Solved – How to calculate mutual information between a feature and target variable

descriptive statisticsmutual information

Mutual information measures how much information the distribution of one variable provides about the distribution of another variable.

In my case, I have samples of a feature variable $X \in \mathbb{R}$ and a target variable $Y \in \mathbb{R}$. This is different from the usual pairing of categorical variables (i.e. class labels) $(Y_{true}, Y_{predicted})$ you can find in statistical packages.

My current approach is:

  1. Standardize $X$ and $Y$ to have $0$ mean and unit variance so they are more or less on the same scale.
  2. Make a contingency table from the variables.

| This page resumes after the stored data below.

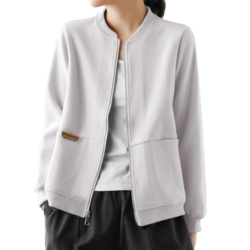 こちらジップアップタイプのスウェット地アウターです。ファスナーを開けてアウターとして着られるし、閉めればスウェットトップスとしても着られるので、便利だと思います。ファスナーが縦ラインのポイントになりますし、ポケット部分の皮のタグがおしゃれで高見えもしますね。カジュアルだけどシンプルなので、パンツやスカートなど何にでも合わせやすく、大人っぽくすっきりとした着こなしができそうです。
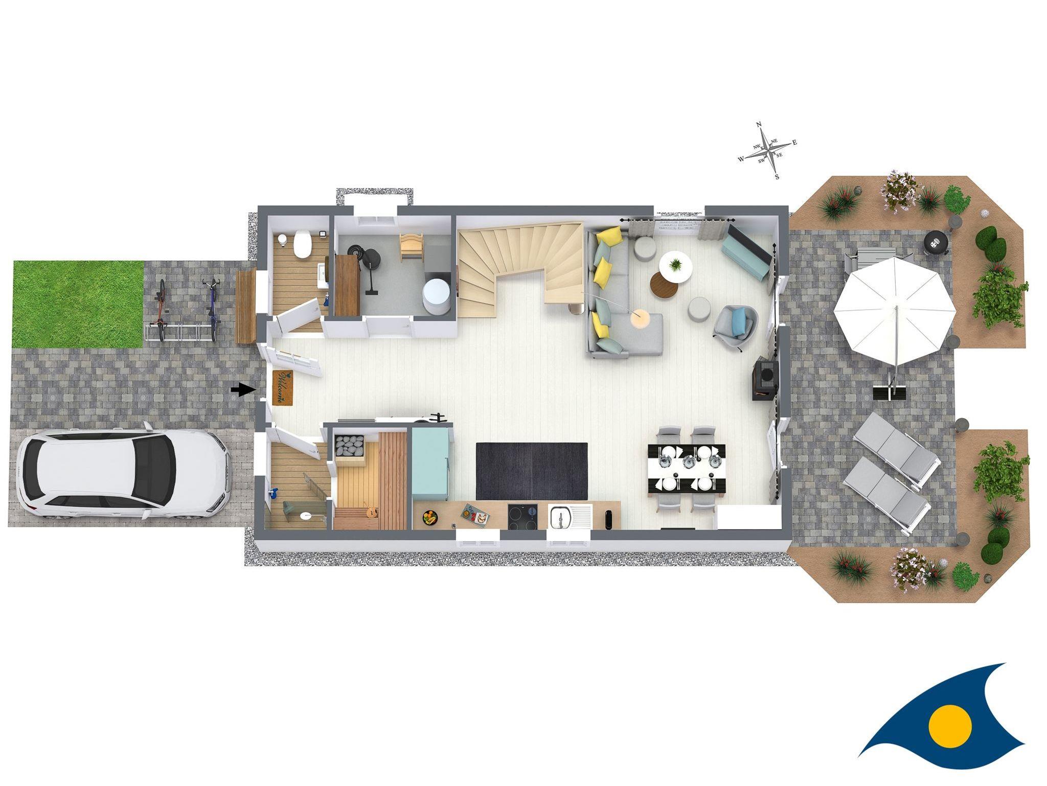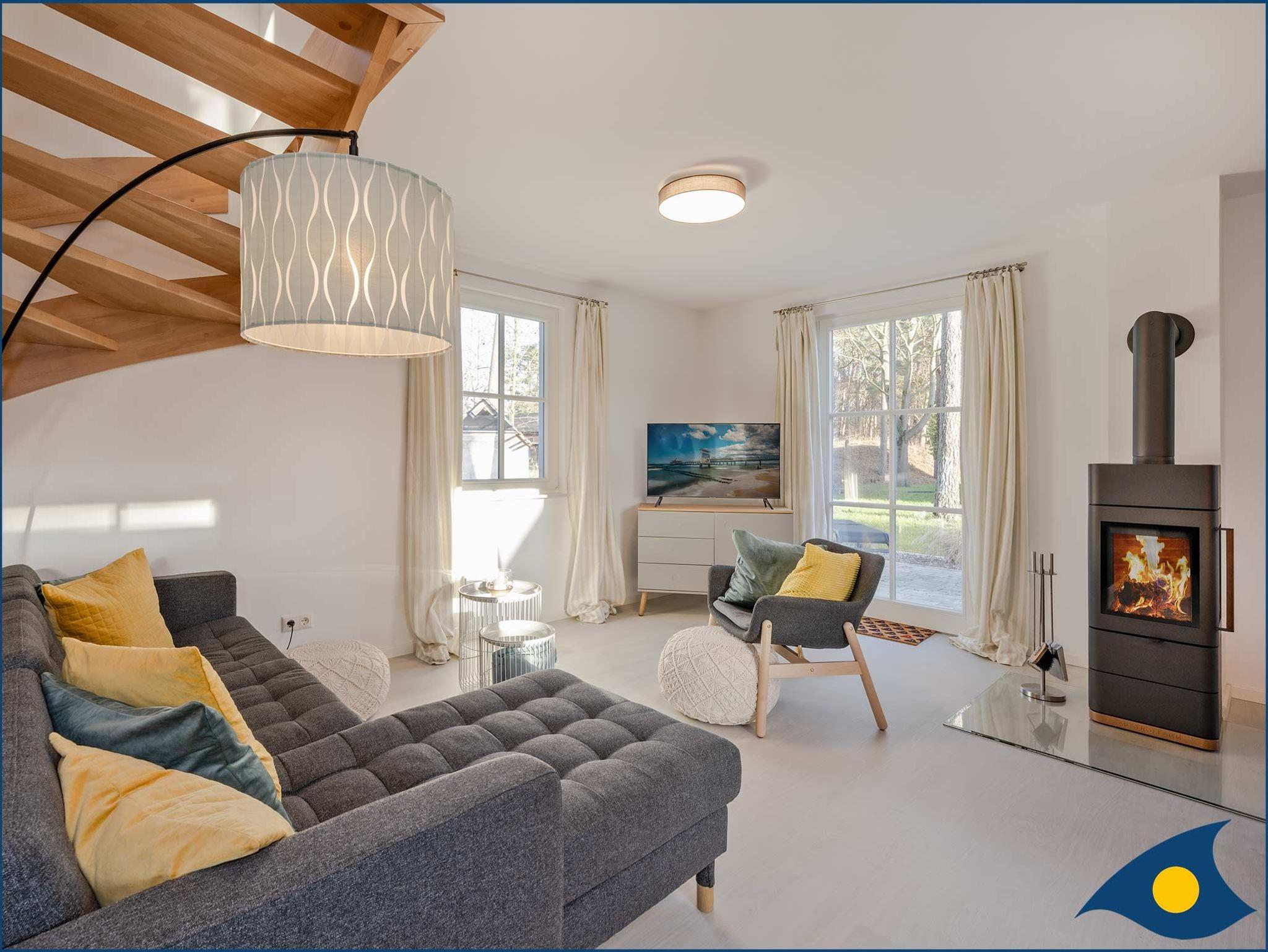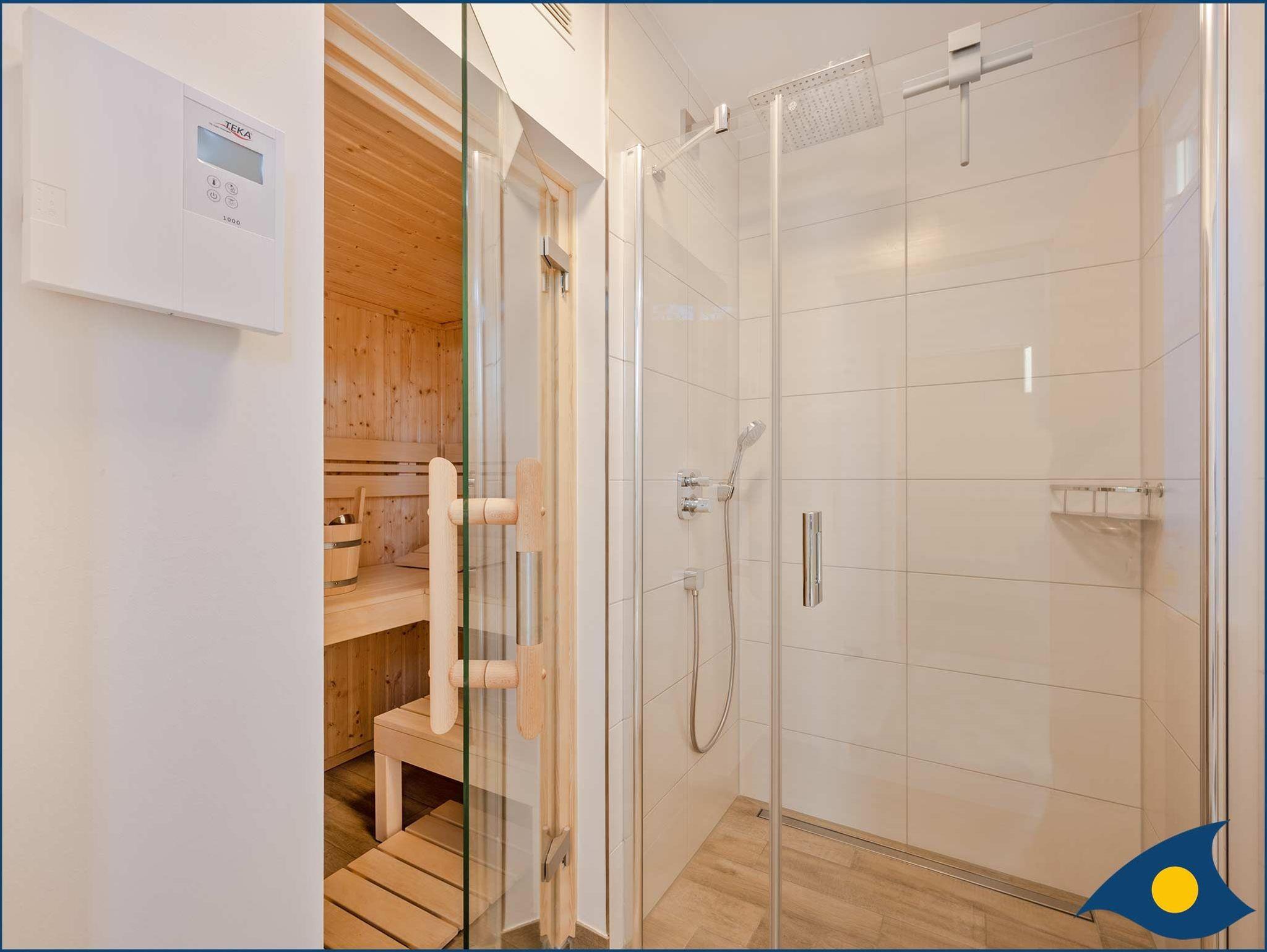 In der offenen Küche mit angrenzendem Essplatz und Wohnzimmer werden gemeinsame Abende zu einem gemütlichen Zusammensein. Das Badezimmer im Erdgeschoss verfügt über eine Sauna und eine Dusche.
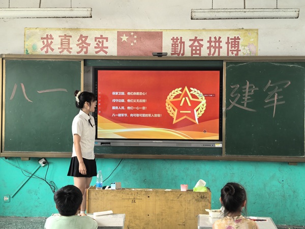 随后,支教队员们为孩子们播放了革命历史题材电影《建军大业》。当银幕上出现南昌起义的激烈战斗场面、战士们冒着枪林弹雨冲锋陷阵的镜头时,原本喧闹的教室瞬间安静下来,孩子们紧盯着画面,不少人眼中泛起了泪光。电影中,周恩来、贺龙、叶挺等革命先辈为了理想信念浴血奋战的场景,让孩子们深受震撼。
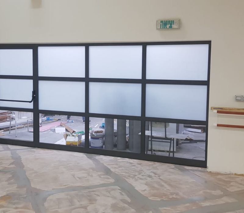 ויטרינה קבועה זכוכית חלבית ושקופה

Basically, create a discrete grid of bins and count how many pairs $(x \sim X, y \sim Y)$ occur in each space. Like a 2D histogram.
  3. Normalize the table so it all sums to $1$. This would approximate the joint distribution $P(X,Y)$.
  4. Use this to compute mutual information.

Is this approach theoretically sound? If so, how is the size of bins chosen? Is there a need for standardizing $X, Y$ in the first place?

Best Answer

The mutual information between two continuous random variables $X$ and $Y$ is defined as the following double integral over the domains $\mathcal {X}$ and $\mathcal {Y}$: $$ {\displaystyle \operatorname {I} (X;Y)=\int _{\mathcal {Y}}\int _{\mathcal {X}}{p(x,y)\log {\left({\frac {p(x,y)}{p(x)\,p(y)}}\right)}}\;dx\,dy,} $$

The most straightforward way to estimate the mutual information is to use binning to estimate the integral, which essentially converts continuous variables into discrete variables for which the approach you outlined above can be used.

Alternatively, k-nearest neighbor distances can be used to estimate the Shannon entropy terms. This is for instance the approach that's used in scikit-learn and was proposed in A. Kraskov, H. Stogbauer and P. Grassberger, "Estimating mutual information". Phys. Rev. E 69, 2004.